In a reply memorandum in support of the exception, State Farm maintained that the letter was merely a medical payments subrogation letter to Hartford, notifying the liability insurer that medical payments had been made, which it was obligated to make regardless of fault, and requesting reimbursement. Mr. Rockenbaugh asserted that this letter was an acknowledgment of responsibility for payment to him for UM coverage.

After a hearing, the trial court sustained the exception of prescription, and dismissed the suit with prejudice. The judgment was signed on August 10, 2015. Mr. Rockenbaugh appealed that judgment.

Ordinarily, the party pleading the exception of prescription bears the burden of proving the claim has prescribed. However, when the face of the petition reveals that the plaintiff's claim has prescribed, the burden shifts to the plaintiff to show why the claim has not prescribed. Hogg v. Chevron USA, Inc., 2009-2632, 2009-2635 (La. 7/6/10), 45 So.3d 991, 998.

If evidence is introduced at the hearing on a peremptory exception of prescription, the district court's findings of fact are reviewed under the manifest error-clearly wrong standard of review. If the findings are reasonable in light of the record reviewed in its entirety, an appellate court may not reverse even though convinced that had it been sitting as the trier of fact, it would have weighed the evidence differently. Carter v. Haygood, 2004-0646 (La. 1/19/05), 892 So.2d 1261, 1267.

Prescription is interrupted when the debtor acknowledges the right of the person against whom he had commenced to prescribe. La. C.C. art. 3464. Acknowledgment sufficient to interrupt prescription may be made by partial payment, by payment of interest, by pledge, or in other ways, and it may be implicit or inferred from the facts and circumstances. Flowers v. U.S. Fidelity & Guaranty Co., (on rehearing) 381 So.2d 378, 382 (La. 1979).

As a general rule, an insurer's payment under the med-pay provisions of an insurance policy that is due irrespective of defendant's liability in tort, does not interrupt the course of prescription tolling against the tort claim. Titus v. IHOP Restaurant, Inc., 2009-951 (La. 12/1/09), 25 So.3d 761, 766.

In this case, the letter from State Farm to Hartford states, in pertinent part:

Previously we wrote to let you know our investigation indicates your insured is responsible for this claim and we are seeking recovery from you.

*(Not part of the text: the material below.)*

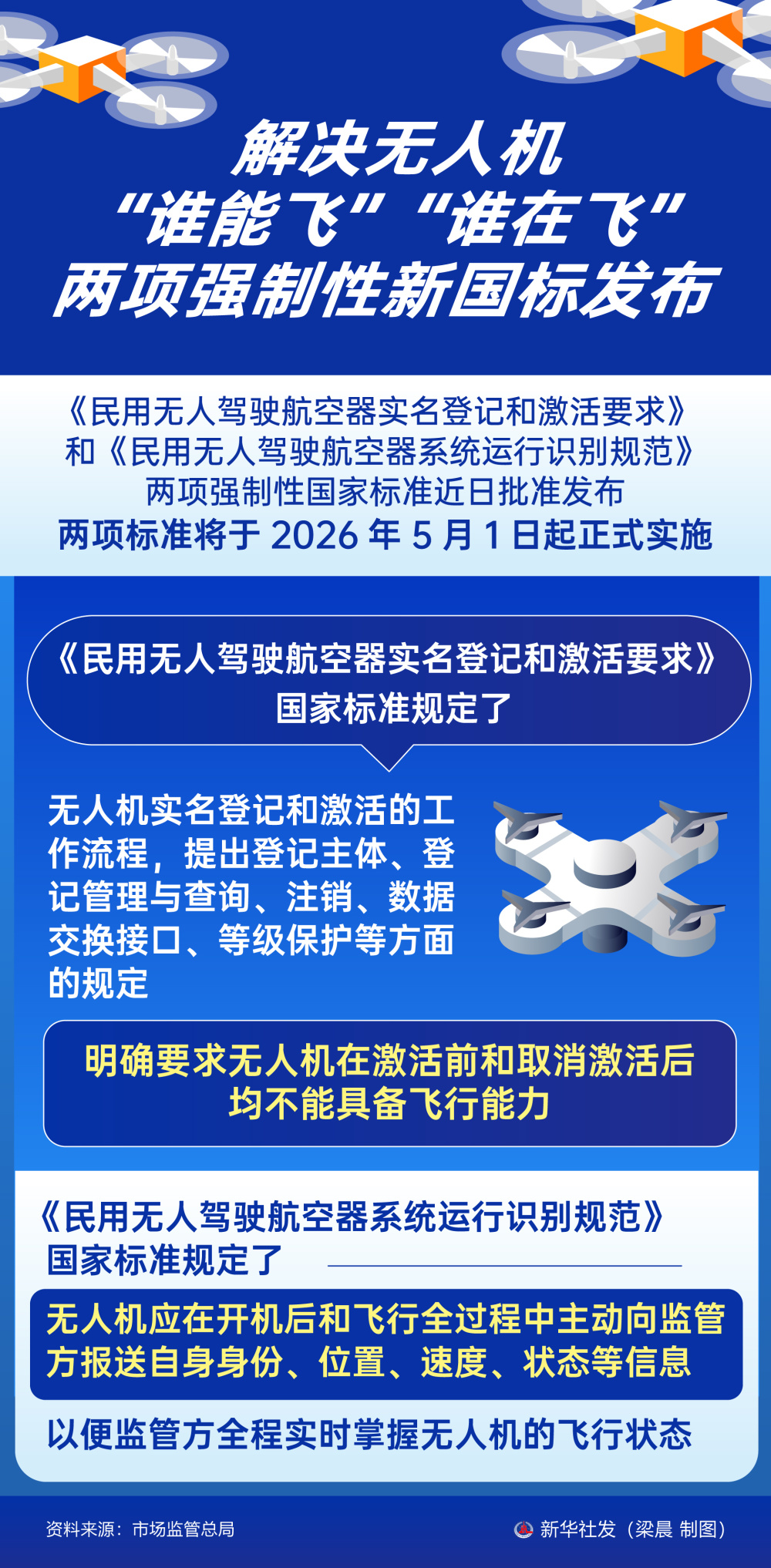 记者12月9日从市场监管总局获悉,《民用无人驾驶航空器实名登记和激活要求》和《民用无人驾驶航空器系统运行识别规范》两项强制性国家标准近日批准发布,两项标准将于2026年5月1日起正式实施。

We forwarded documentation supporting our subrogation demand and have allowed time for you to investigate and reply. To date, we have not received a response from you. Based on the assessment of liability between the parties, State Farm Mutual Automobile Insurance Company is seeking 100% of the Total Claim Amount listed above. The amount payable to State Farm Mutual Automobile Insurance Company for this loss is $3,499.00.

The June 10, 2013 letter from State Farm to Hartford does not make any statements or admissions that State Farm would be liable to Mr. Rockenbaugh for any further payment on his claim. It merely states that State Farm had made medical payments, which it was obligated to make under its medical payments policy regardless of fault, and that State Farm believed that Hartford was responsible to reimburse it for those medical payments. Thus, we find no manifest error in the trial court's determination that the letter does not serve as an acknowledgment of debt.1

CONCLUSION

For the foregoing reasons, the trial court judgment sustaining State Farm's objection raising the exception of prescription and dismissing the suit with prejudice, dated August 10, 2015, is affirmed. Costs of this appeal are assessed against Stephen Rockenbaugh.

AFFIRMED.

FootNotes


1. As we have found no acknowledgment of debt, we need not address the solidary obligor arguments made by the parties.